The Overlooked Financial Tool That’s Helping Me Retire Early
October 11, 2021
By Stephanie Evans
I was 40 years old when my dad died in 2013. The experience forever changed the way I look at my own future.
Above all, of course, I grieved the loss of my hero, my rock, my irreplaceable guide. His death prompted a lot of reflection—about how he lived his life and how I was living mine. Then there were the practicalities: making arrangements, paying medical, funeral, and burial costs, and ensuring that my mother—suddenly a widow—had sufficient resources to continue to live comfortably.
I came away from all this with two firm resolutions. First, having witnessed how my father’s life insurance policy helped my family cover the expenses of his death and give my mom a nice financial cushion, I was determined to have enough coverage to do the same for my husband in case something happened to me. Second, before any such untimely end came, I vowed to live my life to the fullest. That meant concentrating on my goal to retire at 55.
One product, two purposes.
Not long after the funeral, I visited my financial advisor and laid out these goals. That’s when he asked if I had ever considered taking out a permanent life insurance policy. Perhaps, he suggested, it might offer a way to help me meet both my objectives.
Like all life insurance, permanent policies provide a payout to your family when you die. But unlike a term policy, permanent policies have a component, called the “cash value” or the “account value.” Essentially, you pay a monthly premium, part of which goes toward the insurance and part of which goes into the account value. This can grow tax-deferred, and over the years may potentially grow to serve as a nest egg you can use however you see fit. Types of permanent insurance include universal life and whole life.
A universal life policy appealed to me. At the time, I had life insurance coverage through my job as well as a small life insurance policy I bought on my own. It was enough to cover my funeral and burial costs but not much else. Without my income, my husband would be unable to pay our mortgage. We don’t have children, but at the time we’d been discussing the possibility. The universal life policy I was considering paid out a death benefit of $1 million, which would provide more than adequate security for my husband in the event of my death.
But my particular financial situation was another reason I found universal life attractive. I’ve been fortunate to work for a company for more than 20 years that has both a generous pension and a retirement plan for its employees. The stumbling block for me was that I hoped to retire at 55, and the pension and retirement benefits don’t kick in until I turn 59 1/2. I needed a stopgap for those years in between retiring and being able to withdraw from those benefits. That’s where the universal life policy I ended up buying may come in handy.

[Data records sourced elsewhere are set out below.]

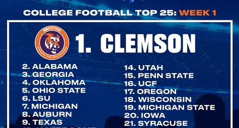 The top five stayed the same, with Clemson gathering first place honors from all but two fan sites - oddly enough, the other two representing Power Five schools in the Carolinas (US of C and UNC).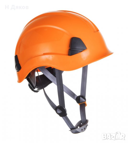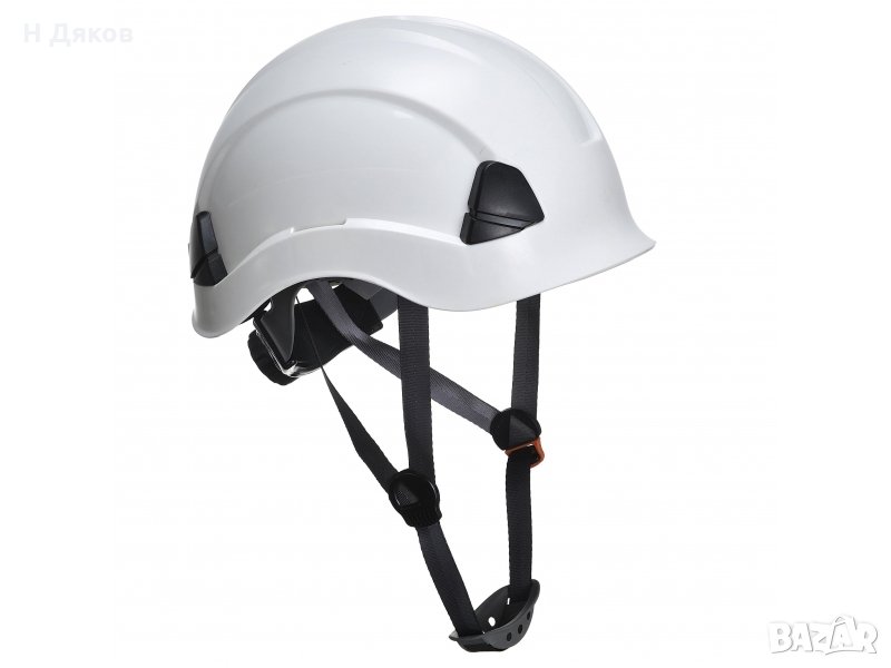 Работна каска PS53 за Височинна работа- Високо каèствен продукт на ирландската фирма Портуест. Каската е проектирана за да се използва специално за работа на височина. Олекотена, удобна и без козирка за по-добра видимост и по-малка тежест. ABS корпус, текстилен комфортен ремък със 6 точки на захващане, регулиране на околожката с винт, размер 56-63см. Подбрадник с 4 точки на закрепване. Протектор от мек материал за брадичката.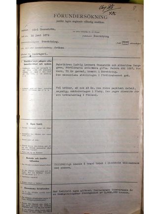 Förundersökning av den bedrägerianklagade Siri Thunströms ”karaktär och personliga förhållanden”.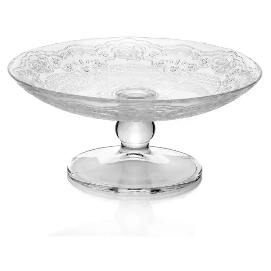 Декоративное блюдо на ножке «Лейси» 250 мм, прозрачное стекло с рельефным узором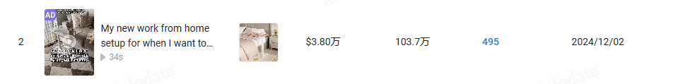 截至目前,这条视频的播放量达到了140万次,为Flexispot品牌带来了495件产品销量,预估销售额为3.8万美元。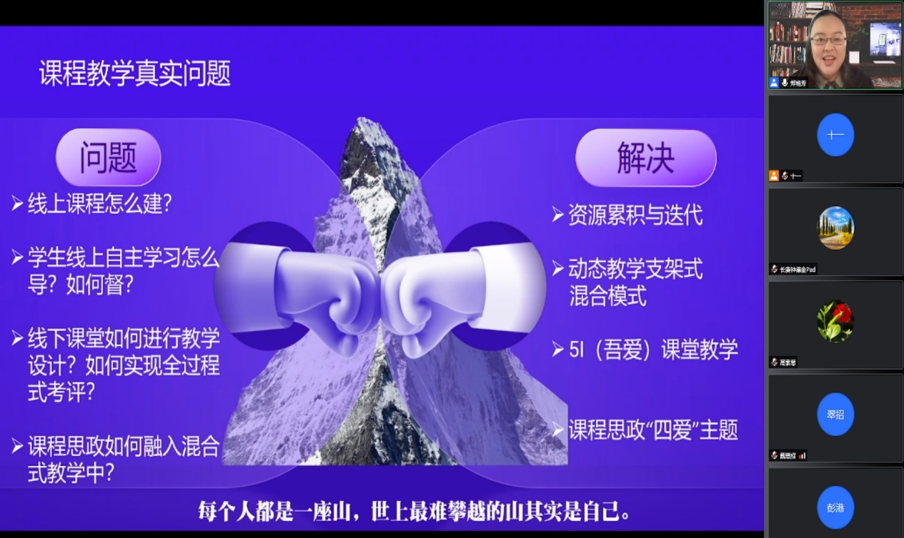 郑艳芳教师为福建省一流本科线上线下混合式课程、一流本科线下课程负责人,相关教学成果获得国家级教学成果奖二等奖、福建省教学成果奖特等奖等荣誉。她结合五年来混合式教学探索历程,围绕着真实课程教学诸多问题,包括“线上课程怎么建,学生线上自主学习怎么导,如何督;线下课堂如何进行教学设计,如何实现全过程式考评,课程思政如何融入混合式教学中”等,提出资源累积和迭代的策略,创设了动态教学支架式混合模式、5I(吾爱)课堂教学模式和课程思政“四有四爱”融合主题。她的精彩分享,获得与会老师的一致好评,帮助老师们破除对混合式教学新模式的恐惧,学会利用在线平台实现有效地混合,确保线上教学实质等效。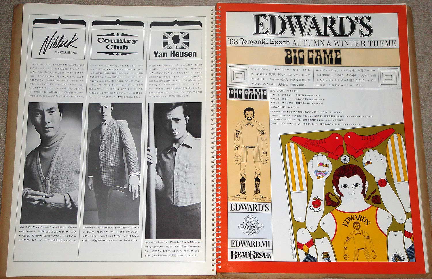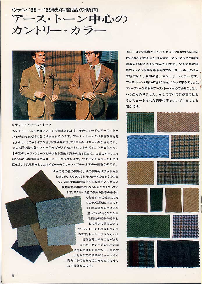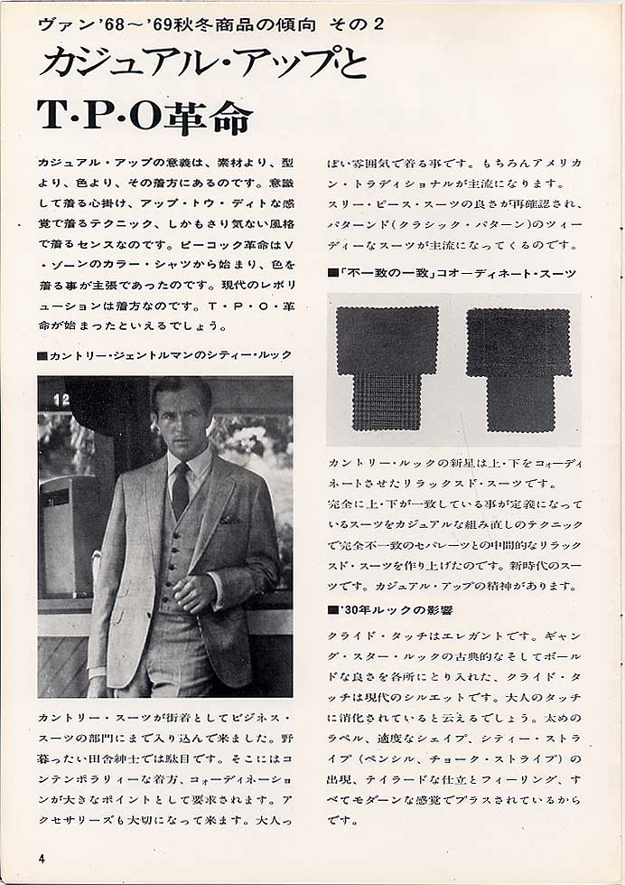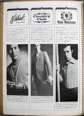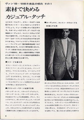 1968年春夏は、時の「 ピーコック革命 」に対応した“ ADVENTURE ”のキャンペーン・テーマを打ち出し、男に色を着せると言う名目の元、着る楽しさと開放感にあふれたカジュアル・ウェアに焦点を当て、時流を上手く捉え、カジュアル化傾向へと舵を切っていったのです。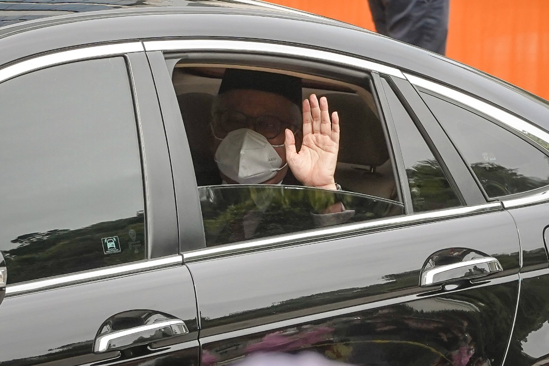 PETALING JAYA: Kereta yang membawa Ahli Parlimen Pekan, Datuk Seri Najib Tun Razak meninggalkan Istana Negara selepas sesi menghadap Yang di-Pertuan Agong, Al-Sultan Abdullah Ri’ayatuddin Al-Mustafa Billah Shah.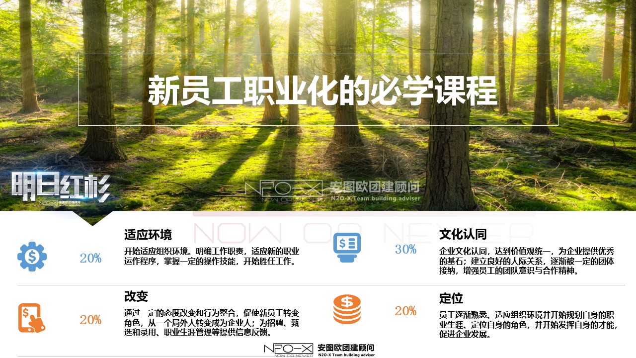 針對企業(yè)新員工設(shè)計(jì),根據(jù)新人經(jīng)驗(yàn)缺乏、心態(tài)不穩(wěn)、職業(yè)素養(yǎng)與理念較缺乏等特征,我們貫穿課程的四大關(guān)鍵詞:“心態(tài)調(diào)整”、“職業(yè)塑造”、“團(tuán)隊(duì)理念” 、“員工融合” ,并以此為基礎(chǔ)為公司新人團(tuán)隊(duì)設(shè)計(jì)該課程。幫助受訓(xùn)者從社會(huì)人到職業(yè)人的轉(zhuǎn)變,從職業(yè)人到企業(yè)人的轉(zhuǎn)化,從企業(yè)人到團(tuán)隊(duì)人的最大轉(zhuǎn)化。

The right fit for the life I want.
Universal life insurance isn’t for everyone. When my financial advisor proposed it, I read several articles that warned that it takes time for the policy’s cash value to grow large enough to be used as an income stream. Indeed, in my case, it has required some patience. But now, seven years after buying the policy, I see that it’s a good fit for me and my needs. Right now I’m on track to retire at 57 or 58. My plan is to use the cash value to create an income stream when I retire.
At that time, I should have sufficient cash value to withdraw funds out of the policy’s cash value up to my “basis,” or the amount of money I’ve paid in via premiums. Though withdrawals of interest credited to the policy’s cash value are taxable, withdrawals up to my basis are tax-free. I will also have the option to take out a loan on the policy’s cash value, either as a lump sum or a series of withdrawals. Interest rates on these types of loans may be lower than what I can get from a bank. The loan is tax-free, and I won’t even necessarily have to pay back the principal, just the interest on the unpaid balance. Meanwhile, I will continue to earn interest on the policy’s full cash value. All I have to do is make sure my outstanding loan and interest don’t exceed that cash value, or the policy might lapse. And I have to remember that any unpaid balance at the time of my death will be deducted from the death benefit.
I should be secure enough to leap into a retirement with plenty of travel with my husband. I plan to take my mom on some of those trips. She hasn’t traveled much since dad died, and there’s no one I’d rather see the world with.